*Work to be completed*
Reproduce the data exactly as given, except for any images.

*Collected material*
"""
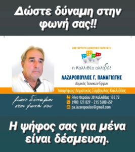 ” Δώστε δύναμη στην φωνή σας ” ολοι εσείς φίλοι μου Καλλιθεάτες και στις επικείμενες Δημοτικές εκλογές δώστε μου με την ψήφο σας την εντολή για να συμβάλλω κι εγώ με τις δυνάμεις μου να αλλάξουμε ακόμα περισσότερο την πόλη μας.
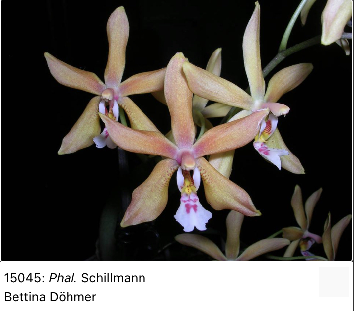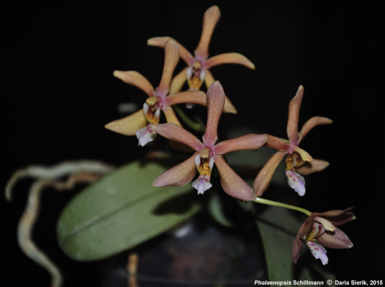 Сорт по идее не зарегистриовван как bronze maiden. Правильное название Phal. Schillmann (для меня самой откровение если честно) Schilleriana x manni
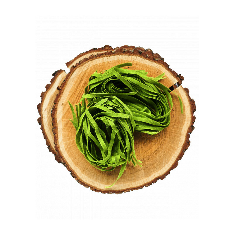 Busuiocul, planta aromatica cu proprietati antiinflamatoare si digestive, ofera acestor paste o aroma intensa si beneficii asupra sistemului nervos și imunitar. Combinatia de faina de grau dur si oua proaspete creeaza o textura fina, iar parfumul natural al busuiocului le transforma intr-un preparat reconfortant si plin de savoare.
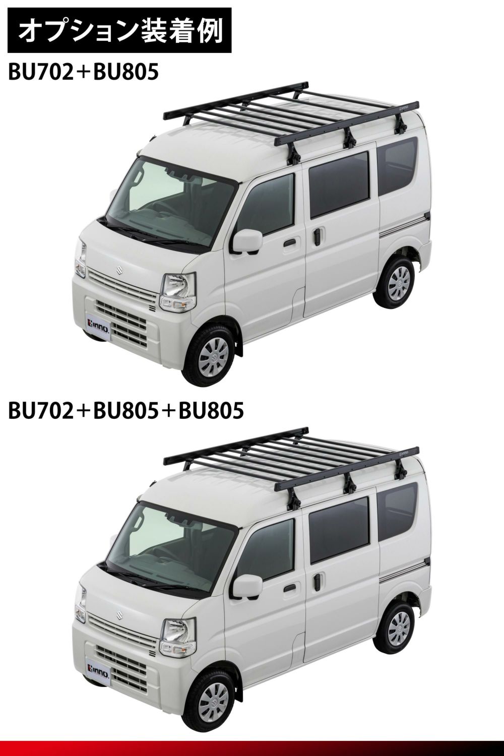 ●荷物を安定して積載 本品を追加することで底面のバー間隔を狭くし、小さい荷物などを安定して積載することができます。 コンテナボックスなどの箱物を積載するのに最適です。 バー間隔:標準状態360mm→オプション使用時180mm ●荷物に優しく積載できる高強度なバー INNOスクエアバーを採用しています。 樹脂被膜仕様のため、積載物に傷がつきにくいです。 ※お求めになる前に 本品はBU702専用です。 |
"""
*Task result*
 ” Δώστε δύναμη στην φωνή σας ” ολοι εσείς φίλοι μου Καλλιθεάτες και στις επικείμενες Δημοτικές εκλογές δώστε μου με την ψήφο σας την εντολή για να συμβάλλω κι εγώ με τις δυνάμεις μου να αλλάξουμε ακόμα περισσότερο την πόλη μας.
 Сорт по идее не зарегистриовван как bronze maiden. Правильное название Phal. Schillmann (для меня самой откровение если честно) Schilleriana x manni
 Busuiocul, planta aromatica cu proprietati antiinflamatoare si digestive, ofera acestor paste o aroma intensa si beneficii asupra sistemului nervos și imunitar. Combinatia de faina de grau dur si oua proaspete creeaza o textura fina, iar parfumul natural al busuiocului le transforma intr-un preparat reconfortant si plin de savoare.
 ●荷物を安定して積載 本品を追加することで底面のバー間隔を狭くし、小さい荷物などを安定して積載することができます。 コンテナボックスなどの箱物を積載するのに最適です。 バー間隔:標準状態360mm→オプション使用時180mm ●荷物に優しく積載できる高強度なバー INNOスクエアバーを採用しています。 樹脂被膜仕様のため、積載物に傷がつきにくいです。 ※お求めになる前に 本品はBU702専用です。 |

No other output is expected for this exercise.